Saved data entries
● ● ● ● ● ● ●

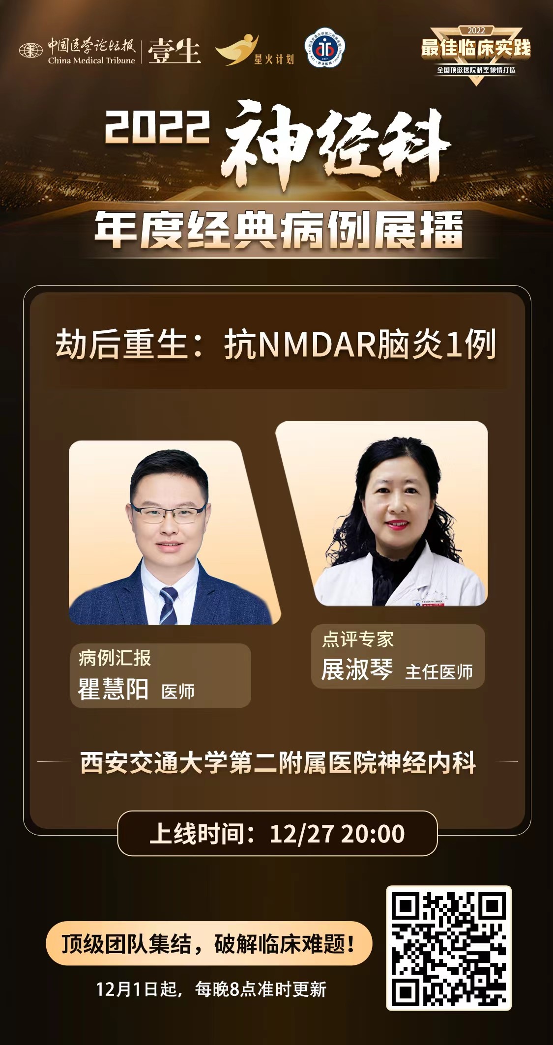 瞿慧阳医师展示了一例抗NMDAR自身免疫性脑炎,该患者临床病情十分凶险,进展迅速,短期内出现了呼吸循环衰竭,最终在多学科的全力救治下转危为安,最终康复出院。展淑琴主任医师用简明的语言总结了该类疾病的诊断要点以及关键治疗措施。壹生平台认为该病例极具代表性和借鉴价值,展现了我院极高的诊疗水平和综合救治能力。
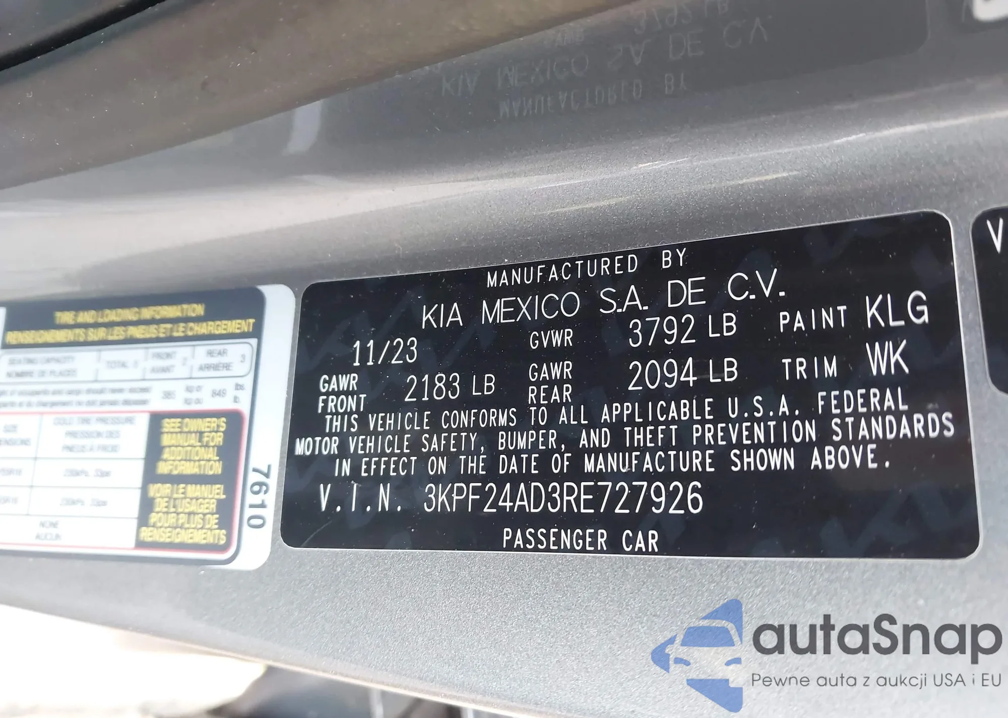 • VIN 3KPF24AD3RE727926
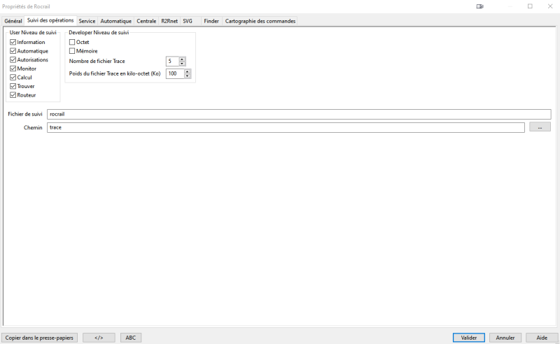 - Général | Suivi des opérations | Services | Mode automatique | Contrôleur | R2Rnet | SVG | Finder | Cartographie des commandes
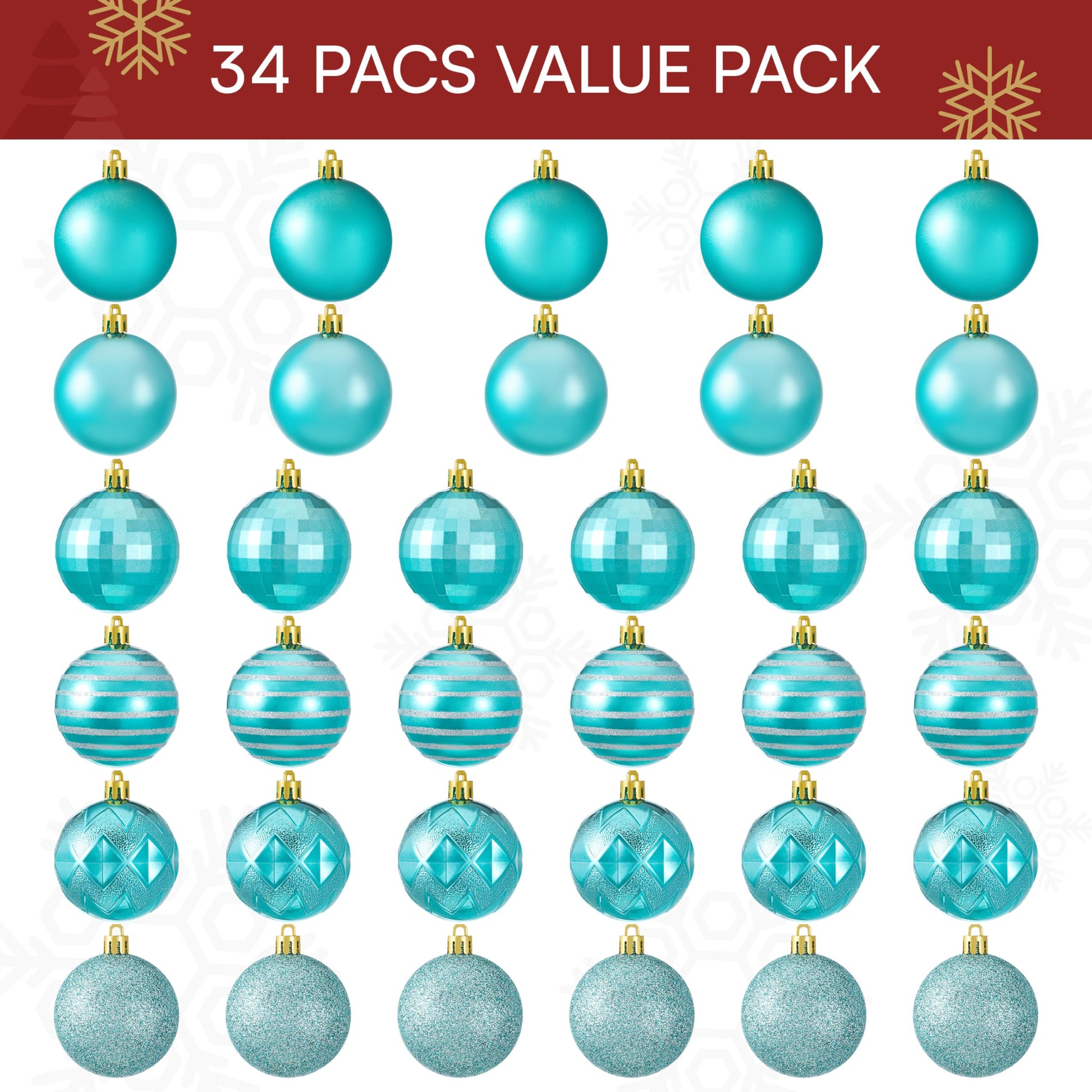 - REAL FUNCTION. These Christmas Party Decorations feature a 34 count shatterproof Christmas balls set measuring 2.36 inches. It is made with shatterproof material for safety, durability, and longevity!
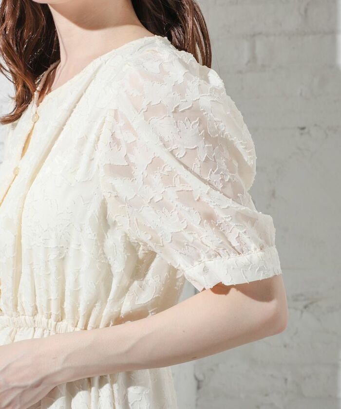 袖は「ボリューム袖」仕様となっています。半袖のワンピースながら、二の腕が目立ちにくいのが嬉しいです。

● ● ● ● ● ● ●

* WHAT THE TASK ASKS: The data must be printed exactly, image-free.

* WRITTEN SOLUTION:
 瞿慧阳医师展示了一例抗NMDAR自身免疫性脑炎,该患者临床病情十分凶险,进展迅速,短期内出现了呼吸循环衰竭,最终在多学科的全力救治下转危为安,最终康复出院。展淑琴主任医师用简明的语言总结了该类疾病的诊断要点以及关键治疗措施。壹生平台认为该病例极具代表性和借鉴价值,展现了我院极高的诊疗水平和综合救治能力。
 • VIN 3KPF24AD3RE727926
 - Général | Suivi des opérations | Services | Mode automatique | Contrôleur | R2Rnet | SVG | Finder | Cartographie des commandes
 - REAL FUNCTION. These Christmas Party Decorations feature a 34 count shatterproof Christmas balls set measuring 2.36 inches. It is made with shatterproof material for safety, durability, and longevity!
 袖は「ボリューム袖」仕様となっています。半袖のワンピースながら、二の腕が目立ちにくいのが嬉しいです。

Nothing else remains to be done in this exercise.